Discussion in 'Anything goes' started by Mayfly, Jun 4, 2007.

  1. Montezuma's Revenge

    Montezuma's Revenge Active Member

    Wrigley Field, old home of the Angels.
     
  2. Hank_Scorpio

    Hank_Scorpio Active Member

    New park:

    LF: 342
    LC: 380
    CF: 408
    RC: 300
    RF: 281
     
  3. Montezuma's Revenge

    Montezuma's Revenge Active Member

    Baker Bowl.

    When the Philadelphia Phillies played at the Baker Bowl during the 1920s, an outfield wall had an advertisement for Lifebuoy that said, "All the Phillies use Lifebuoy". A graffiti artist sneaked in and added, "And they still stink".
     
  4. Hank_Scorpio

    Hank_Scorpio Active Member

    Good job. You know how to google.
     
  5. KYSportsWriter

    KYSportsWriter Well-Known Member

    New field:

    LF - 330
    LCF - 377
    LCCF - 401
    CF - 411
    RCCF - 401
    RCF - 37
    RF - 330
     
  6. hockeybeat

    hockeybeat Guest

    Ideal dimensions? Those at Shea Stadium.

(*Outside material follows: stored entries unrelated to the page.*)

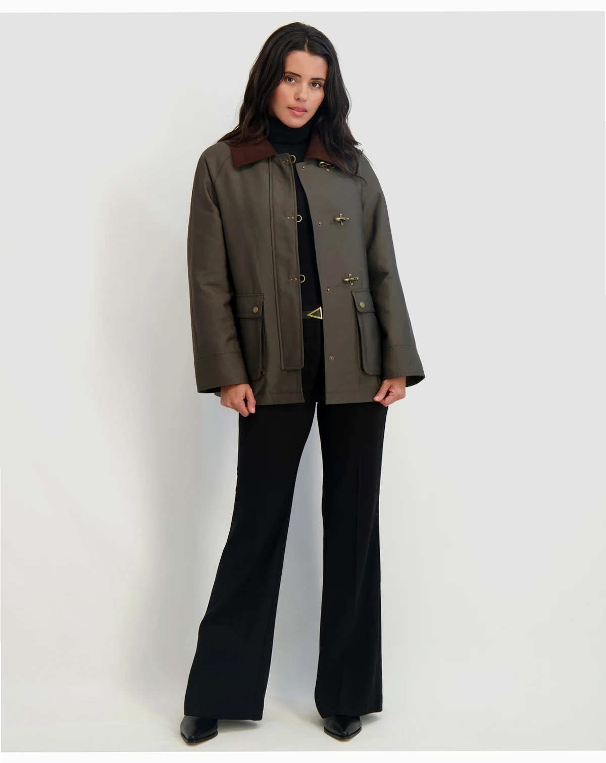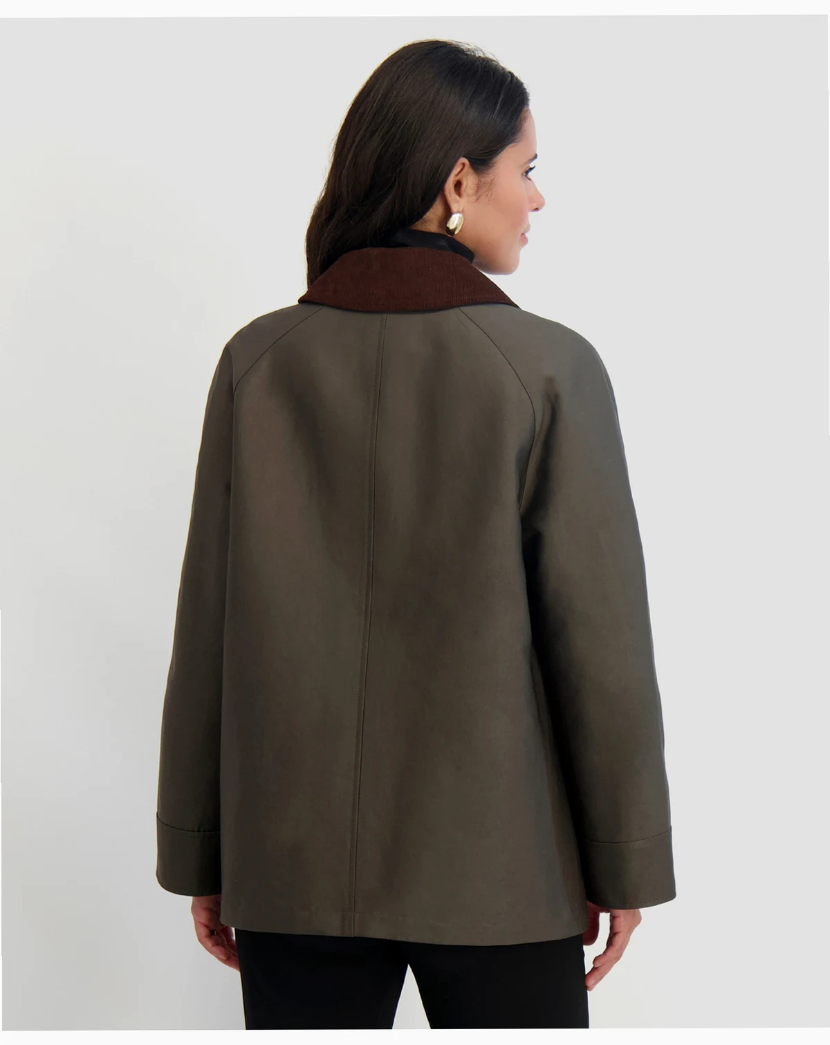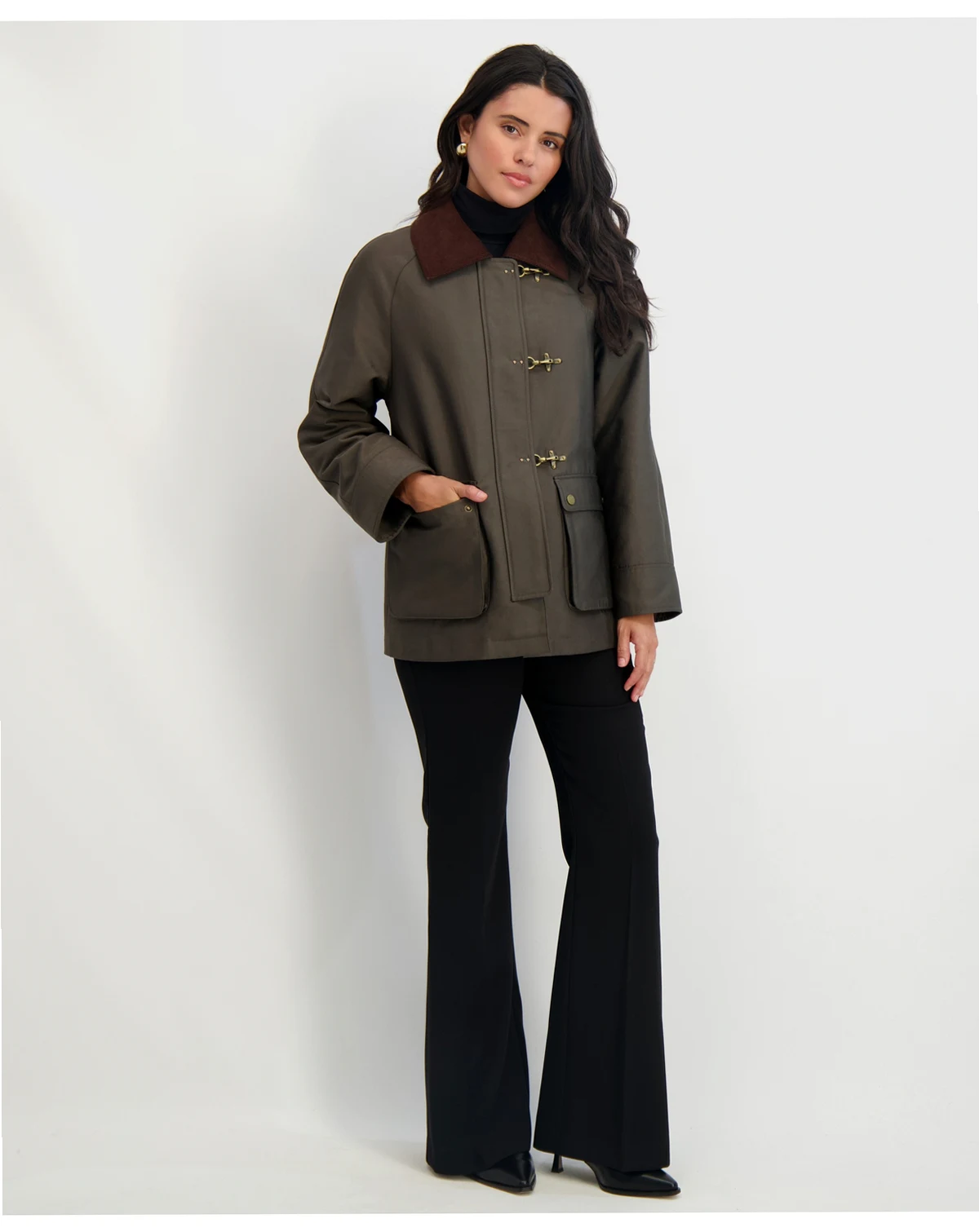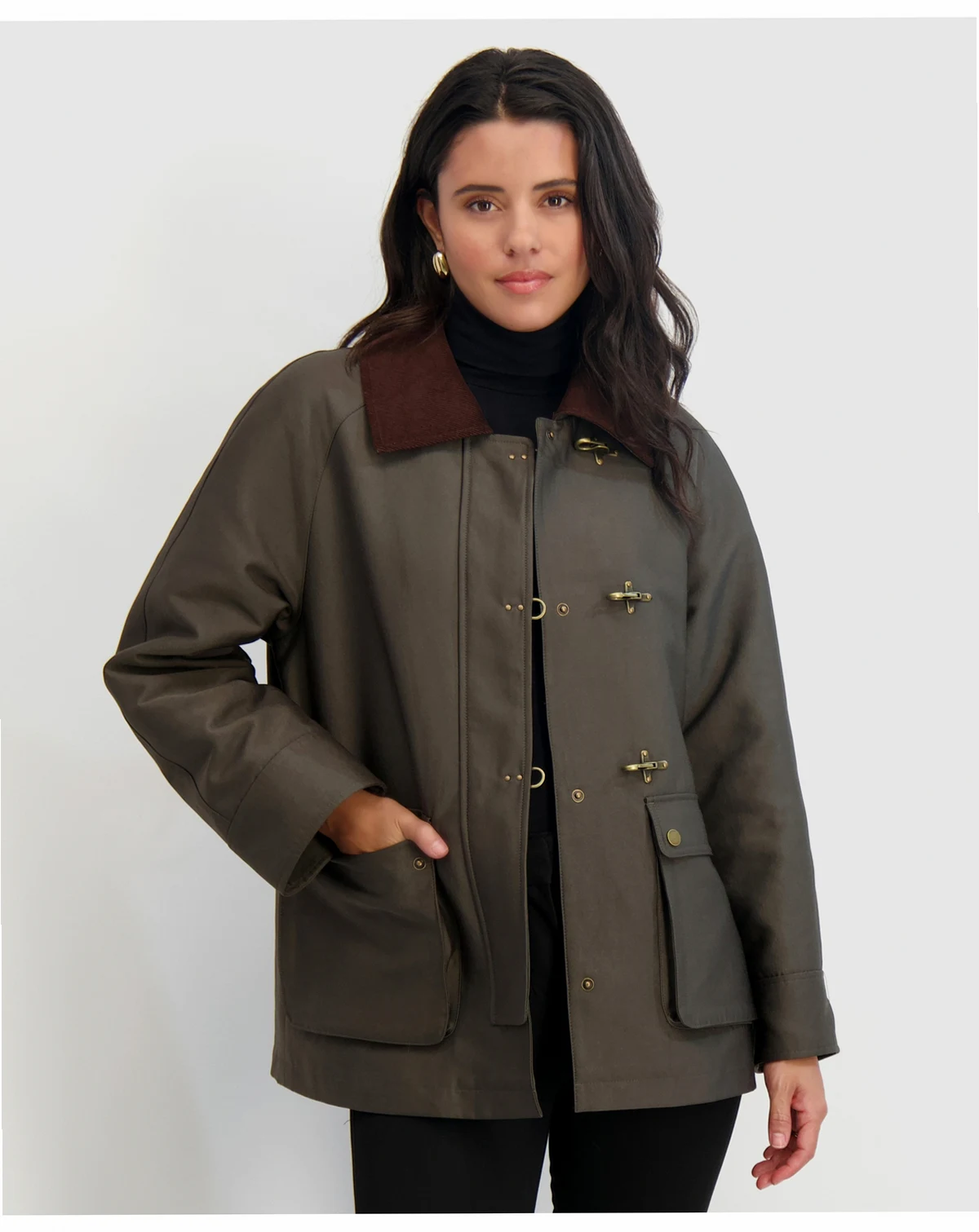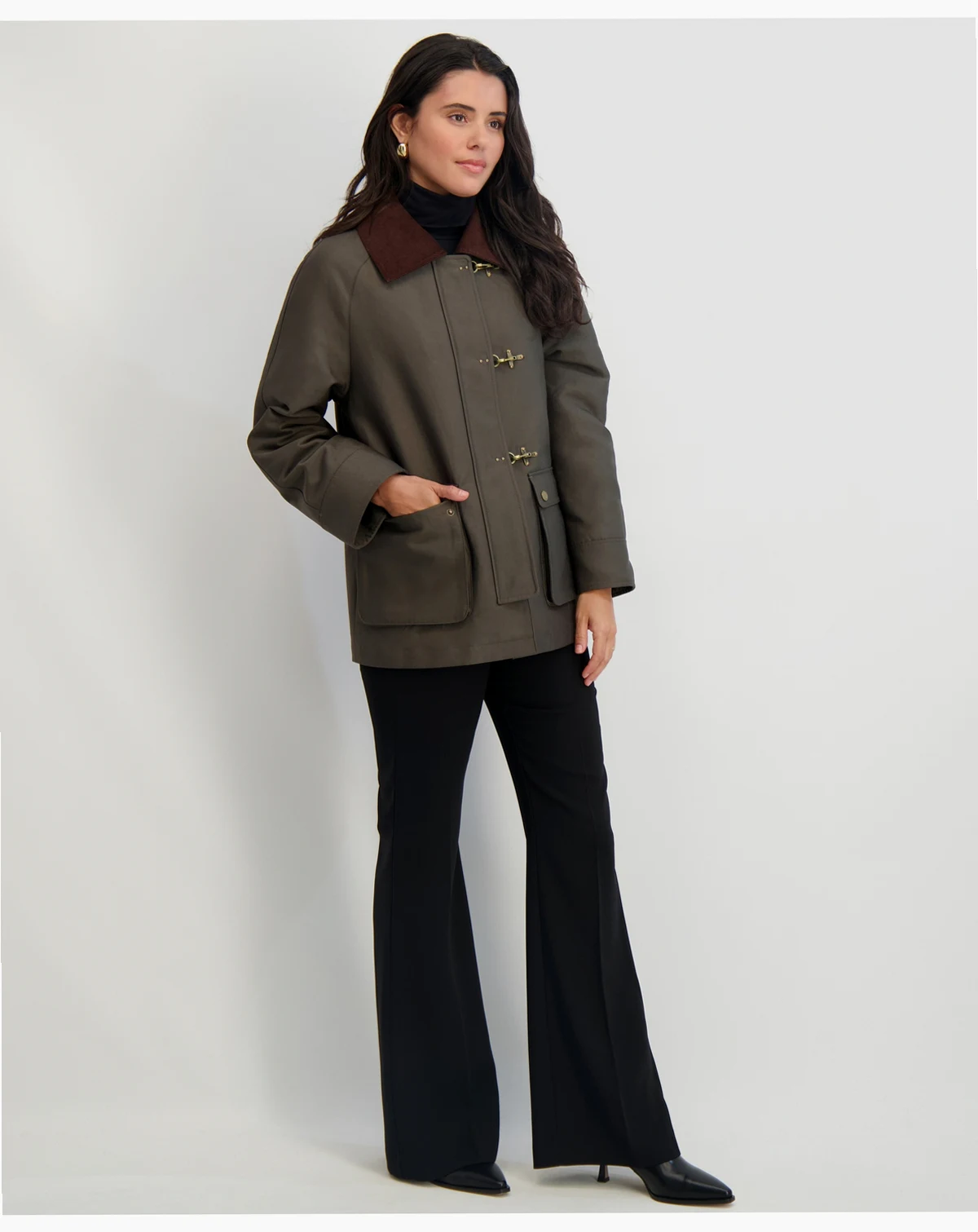 Stylish clasps take center stage at the front of this canvas barn jacket from Tahari. A contrasting point collar tops it off.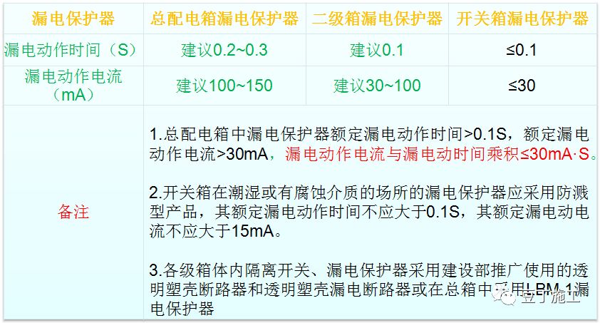 (九)、开关箱中漏电保护器的额定漏电动作电流严禁大于30mA,额定漏电动作时间严禁大于0.1s;总配电箱中漏电保护器的额定漏电动作电流必须大于30mA,额定漏电动作时间必须大于0.1s≦0.2s,宜使用额定漏电动作电流150mA,额定漏电动作时间0.2s,总原则必须是额定漏电动作电流与额定漏电动作时间的乘积不大于30mA.s。
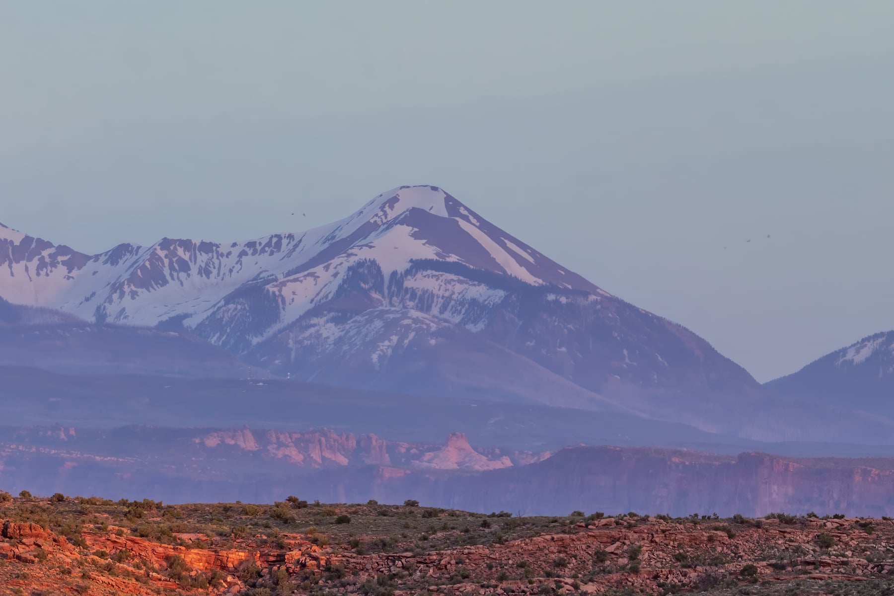 Delicate arch, also referred to as "the Chaps" or "the Schoolmarm's Bloomers" by local cowboys because of it's distinctive shape. Spring snow still lingers on the La Sal Mountains behind Delicate Arch as the arch itself is bathed in the warm light of sunset illuminating the top portion. We had hiked up to Delicate Arch to capture the Moon rise. I shot this image a few minutes before the sunset.

    Make hitters actually have to hit balls over the wall, instead of pop-up home run parks like, oh, Camden Yards and Citizens Bank.
     
  7. indiansnetwork

    indiansnetwork Active Member

    I don't know that 37 feet seems like a pop up distance to me. LOL
     
  8. Rusty Shackleford

    Rusty Shackleford Active Member

    I actually had a project in middle school where I designed a scale-model ballpark out of cardboard and poster board. I made it a gimmick stadium that could be built in cramped quarters in a downtown.

    Anyway, the left field wall was only about 150 feet away, but it was because there was a building there. So it was 150 feet away, but the fence was about 100 feet high (and transparent) to protect the building but allow for viewing from inside it. My friends and I had a lot of fun debating what would happen in a major league field like that (pop-fly home runs would be the norm, the potential for what would be a normal home run to hit mid-wall and ricochet into the stands behind the home dugout might exist, where do you play your left fielder?, could a ball be hit around the corner of the building deep into the outfield?, offensive explosion with balls bouncing off the wall and turning into singles, etc).
     
  9. hockeybeat

    hockeybeat Guest

    What are you trying to say?
     
  10. linotype

    linotype Well-Known Member

    If I'm playing, and I'm in my prime (which is to say, 1994), I'd want:

    Left-field and right-field corners: 400 feet.
    Left-center and right-center alleys: 430 feet.
    Center field: 450 feet.

    Oh, and AstroTurf. Old-school AstroTurf. Preferably coated with Crisco and Pennzoil in the gap in left-center.

    (I was always a short, speedy dirtdog who had no power but could run forever. Love, love, love triples.)
     
  11. Gold

    Gold Active Member

    When I was in fifth grade, we used to have these notebooks with black and white covers that looked like marble and the paper was sewn in. I remember almost completely filling one of those notebooks with drawings of stadiums while I was daydreaming and not doing whatever school work I was supposed to be doing.
     
  12. Captain_Kirk

    Captain_Kirk Well-Known Member

    A favorite of mine for ballpark architecture. A ballpark that didn't look like a ball part.